INTELLIGENT SEARCH AGENTS

BY DARREN GREAVES




4. IMPLEMENTATION OVERVIEW
4.1. INTRODUCTION
4.2. PLATFORM
4.3. CHOICE OF LANGUAGE
4.3.1. Languages Available
4.3.2. Criteria for Evaluation
4.3.3. Final Choice
4.4. CHOICE OF METHODOLOGY/DEVELOPMENT STRATEGY
4.4.1. Methodologies Available
4.4.2. Criteria for Evaluation
4.4.3. Final Choice
4.5. DESIGN
4.5.1.1. Introduction
4.5.1.2. Perform Searches On Internet/Intranet Content
4.5.1.3. Add New Filters To Perform Different Searches
4.5.2. Design One
4.5.3. Evaluation of Design One
4.5.4. Design Two
4.5.5. Evaluation of Design Two

4. IMPLEMENTATION OVERVIEW
4.1. INTRODUCTION
This section will present the choices available to me as regards my development strategy and choice of language. First I will consider the platform used, the languages available then the development strategies. It will then go into detail on my designs for the program.
4.2. PLATFORM
I have a strong preference for being able to work on this project from home. My reasons being that I can work on my project at any time and not just when the University is open and I will not have a problem gaining access to my machine. Finding a free machine that has all the required software at the University is an ever increasingly rare event now. The platform for development at home would be Microsoft Windows NT4 Workstation. This does not yet restrict what platforms the end product can run upon.
4.3. CHOICE OF LANGUAGE
4.3.1. LANGUAGES AVAILABLE
C
C++
Java
Visual Basic
KQML (see 3.2.2.1 above)
IBM Agent Building Environment (ABE) (see 3.2.3.1 above)
I could of course have made a list of languages to fill two pages. So, there had to be an even more basic criteria of what made it on to the list. The criteria were simply that I was either familiar with the language (C, C++, Java and Visual Basic) or I felt it had something special to offer within the intelligent agent paradigm (KQML and the IBM ABE). The familiarity was required so I could judge it's ability to satisfy the more complex criteria listed in 4.3.2 below.
4.3.2. CRITERIA FOR EVALUATION
The criteria that these languages have to be judged upon are that the end product has to run at a sufficiently fast speed and the language needs to support all the features necessary for the production of the system. I also have a preference that the language environment has the development support required of a reasonable sized project. By development support I mean that any choice would have to include a development environment that has all the necessary features, such as; a text editor, a fast compiler (where applicable), and support an easy to use GUI interface. The GUI interface may not seem like an important requirement, but to have to learn a complex command line interface to a program is just unproductive time spent in my opinion, unless I am going to use that program again in the future.

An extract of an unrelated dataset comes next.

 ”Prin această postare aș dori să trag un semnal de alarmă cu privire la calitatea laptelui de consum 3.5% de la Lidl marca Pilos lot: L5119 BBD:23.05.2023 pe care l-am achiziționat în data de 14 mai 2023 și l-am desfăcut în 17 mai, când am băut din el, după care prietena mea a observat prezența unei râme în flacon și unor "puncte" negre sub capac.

The main criteria then is that the language supports the following required features:
Support for downloading pages off web servers
Although I could write code to deal with the raw HTTP protocol, that would be unproductive given that code already exists in other languages.

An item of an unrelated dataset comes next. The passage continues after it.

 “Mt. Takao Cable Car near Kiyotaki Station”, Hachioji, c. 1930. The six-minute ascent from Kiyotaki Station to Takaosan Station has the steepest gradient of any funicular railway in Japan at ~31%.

Support for creating a Windows GUI interface
GUI interfaces are certainly the norm now for any Windows program and it is no longer acceptable to produce a program that does not use a GUI.

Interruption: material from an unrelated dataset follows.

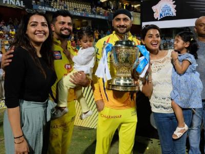 हरभजन सिंह और सुरेश रैना ने भी अपनी पत्नी और बच्चों के साथ ट्रॉफी जीतने की खुशी मनाई।

Support the creation of plug-in filters
Also needs to support the ability to drop in new filters after program is completed.
There may be a requirement to support multithreaded code.
A program of this complexity may require the flexibility of multiple threads of execution.
The generated program must run as fast as can be expected
It is anticipated that there will be a high degree of text parsing and searching taking place, this will require a fast efficient program.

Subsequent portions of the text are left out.